Whilst you have answered slippery_pete's question, I think he was actually referring to Centaurus' scenario of catastrophic bearing failure leading to a seized propeller. Like you, I'm not aware of any scenarios like that in recent years.

I did once suffer a mechanical malfunction in a light twin, causing cycling of propeller RPM without any change in engine power. I feathered the propeller at the high point of RPM without going through the full drill, for the reasons Centaurus explained. But that was in the cruise, at low workload. I devoted my full & undivided attention to which propeller was malfunctioning and which propeller control I was touching...

john_tullamarine

Perhaps Centaurus' concern also is with those folk who take far too long generally in doing the identification exercise regardless of the nature of the failure ?

I had a simple procedure which worked fine on light twins and the identification and shutdown could be actioned in a matter of a few seconds. I used to go fly some practice time prior to renewals with whomever might have been available to be safety pilot .. on a number of occasions the other chap commented on the short time taken to identify and go through the simulated actions.

On the other hand, I have observed a number of GA pilots (including instructors) taking far too long .. fine at cruise but a recipe for mishap whilse manoeuvring at lower levels ?

Centaurus

Thanks JT. You got it in one

Oktas8

To be quite blunt, I don't see the evidence of this failure mode being a major problem.

Human factors issues though... I can readily accept a need for improvement.

Training for good, quick, emergency response to a critical EF is difficult. I had a good ME instructor who once (near end of training) gave me an unbriefed EF during a radio call. I fixated very nicely on the radio call and learned a good lesson from the result.

Not sure how to fix that problem though, except the same way it was fixed with me. Better instruction.

john_tullamarine

I had a good ME instructor who once (near end of training) gave me an unbriefed EF during a radio call. I fixated very nicely on the radio call and learned a good lesson from the result.

Likewise, shortly after check to the line on my first airline Type, the line captain - a positioning flight with only the two of us on board - pulled an engine on me during the rotation - night but visual.

Bit different when one isn't expecting it, is it not ?
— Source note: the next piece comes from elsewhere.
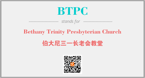 以上为Bethany Trinity Presbyterian Church英文缩略词BTPC的中文解释,以及该英文缩写在英语的流行度、分类和应用领域方面的信息。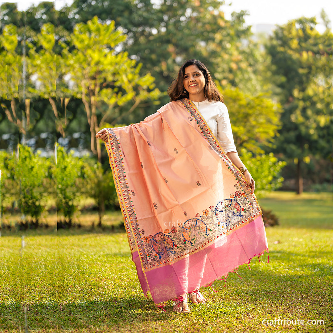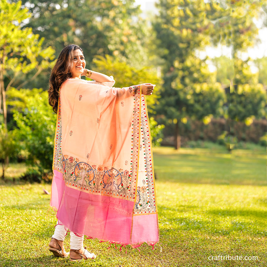A beautiful piece of Madhubani cotton silk dupatta hand painted by skilled artisans from Bihar. Delicate pink colour with intricate triangles border and elegant fish motifs makes it very attractive. Fish being the first incarnation of Lord Vishnu, is considered auspicious and it's one of the most celebrated motifs in Madhubani designs.

Not terribly good form on his part in the general way of things but the exercise certainly made a good point regarding prioritisation and command thinking - stayed with me thereafter. (Fortunately, I did the appropriate things and it went well.)

Not sure how to fix that problem though, except the same way it was fixed with me. Better instruction

I suggest training and repetitious exposure in a safe environment .. and then a bit more of the same.

How many times, in our early Link training, did the instructor come to the hatch with a coffee (or other innovative distraction) .. just in time to see us go through the level, radial, or whatever ? Eventually, we all got the message - some quicker than others.

The FFS offers a wonderful tool for this sort of conditioning work.

A Squared

You're taking that comment out of context. That was referring specifically to an engine failure of such a nature that oil pressure would be lost, but the propeller would *not* feather. Given the mechanics of a light twin feathering system, *that* specific event has a very low probability.